Thanks Lucas, in the end I ended up switching over to an nvidia card just recently. I had almost 6 months invested on this challenge but I’m mainly just getting started . Mainly wanted to learn a bit about Deep Learning without using an online service so nothing serious at this point. I was trying to get a upper-end budget AMD PC working with a reasonable performance on the lessons but it wasn’t to be.
Many of the issues I encountered while initially trying to get this working on the RX 580 were actually low level firmware issues in my case.
ASUS didn’t correctly set up compliant ACPI tables in the BIOS/firmware during the boot process. They seemed to use a kludge to get Ryzen CPU’s working in the first place. There were also other issues at this level which caused bricks when toggling preset values they had set. As a result rocm would not function correctly before getting to the docker stage.
Contacting ASUS was futile, they wouldn’t admit the defect, but offered to replace the board via RMA and this process in pandemic times is lengthy.
For those that may be running into similar issues, or run across this later. The critical issues for the mainboard seemed to stem from PCIE lines not being directly connected with the CPU. The only check I could find that’s visible when purchasing the board for these seemed to be whether the motherboard does/doesn’t support SLI/Crossfire which as far as I’m aware requires this.

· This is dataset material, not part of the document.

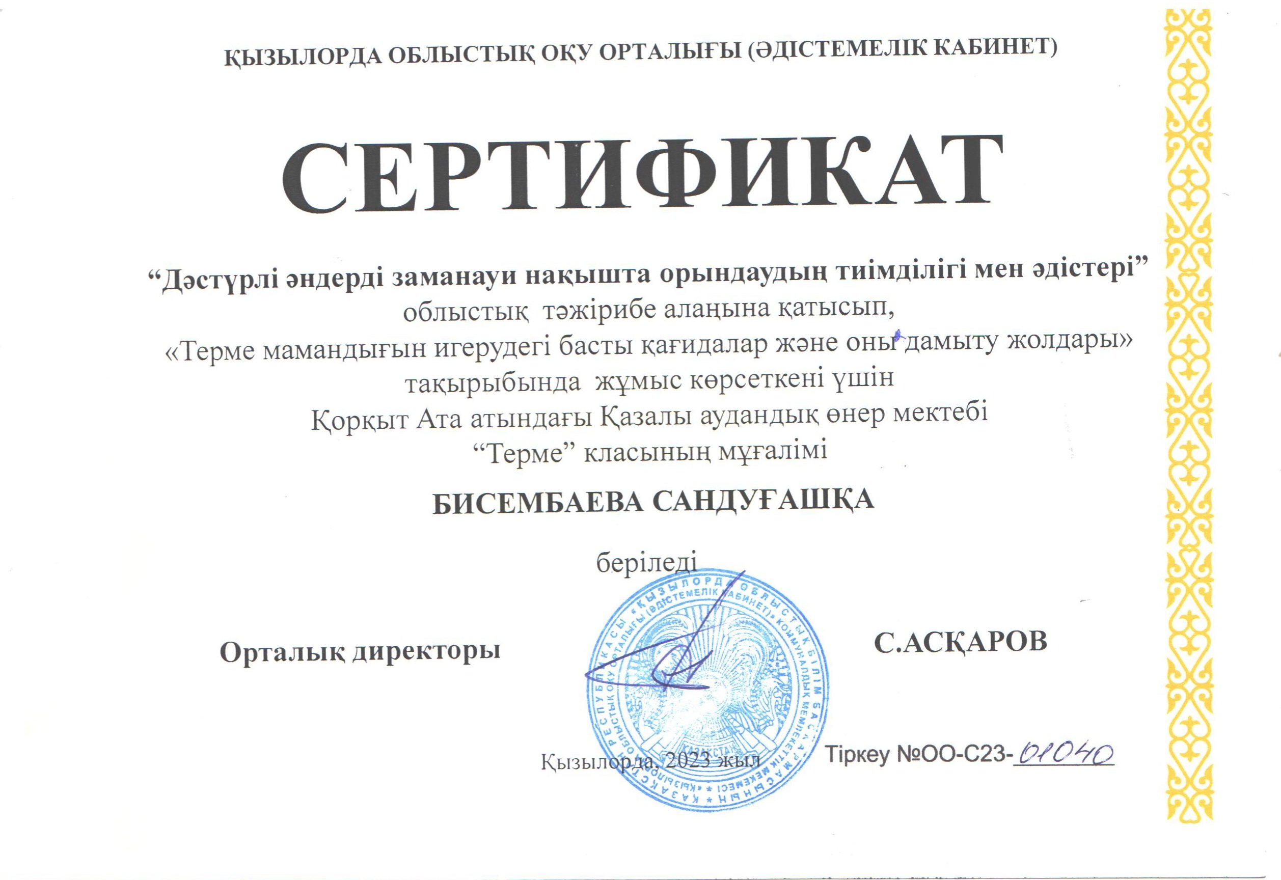 2023 жылғы сәуір айының 12 жұлдызында облыстық оқу орталығының (әдістемелік кабинет) жұмыс жоспарына сәйкес Т.Салқынбайұлы атындағы Қармақшы аудандық өнер мектебінің базасында «Дәстүрлі әндерді заманауи нақышта орындаудың тиімділігі мен әдістері» тақырыбында қосымша білім педагогтарына, яғни музыка,өнер мектептерінің ұстаздары арасында облыстық тәжірибе алаңы ұйымдастырылды.Тәжірибе алаңына қосымша білім беру ұйымы (Өнер мектебі) жыр-терме, халық әні, вокал, домбыра кластары мұғалімдері бойынша барлығы -30 маман қатысты.Тәжірибе алаңының мақсаты-өз халқының рухани қазынасы мен Сыр сүлейлерінің асыл мұрасын терең танысып, халықтық тәрбиемен сусындаған зерделі ұрпақ тәрбиелеу. Жұмыс барысы: «Дәстүрлі әндерді заманауи нақышта орындаудың тиімділігі мен әдістері» тақырыбында тәжірибе алаңы аясында жыр-терме, халық әні, вокал, домбыра кластары мұғалімдері жұмыстарын көрсетіп, тәжірибе алмасты.Аталған облыстық тәжірбие алаңына мектебіміздің ұстаздары терме мамандығы бойынша Бисембаева Сандуғаш, домбыра мамандығы бойынша Байдаулетова Мейрамкүл және вокал мамандығының мұғалімі Кермеш Сәкен өз іс-тәжірбиелерімен бөлісу мақсатында іс-тәжірбиелік жұмыстарын жоғары үлгілік деңгейде көрсете білді. Терме мамандығы бойынша «Терме мамандығын игерудегі басты қағидалар және оны дамыту жолдары» тақырыбында Бисембаева Сандуғаш,

The board/CPU may support PCIE Atomics needed by rocm but there may still be firmware level challenges to overcome. As far as I’m aware, no one with a SLI/Crossfire compatible mainboard has had issues issues.
The combo I worked with was an ASUS Prime B450 Plus which supported PCIE Atomics on the Ryzen 5 chip but would not enumerate the devices properly when an APU capable CPU was present alongside a GPU.
I read somewhere the problematic boards were translating PCIE lanes but I’m not enough of a wizard to dig that deep into the problem to confirm at this stage.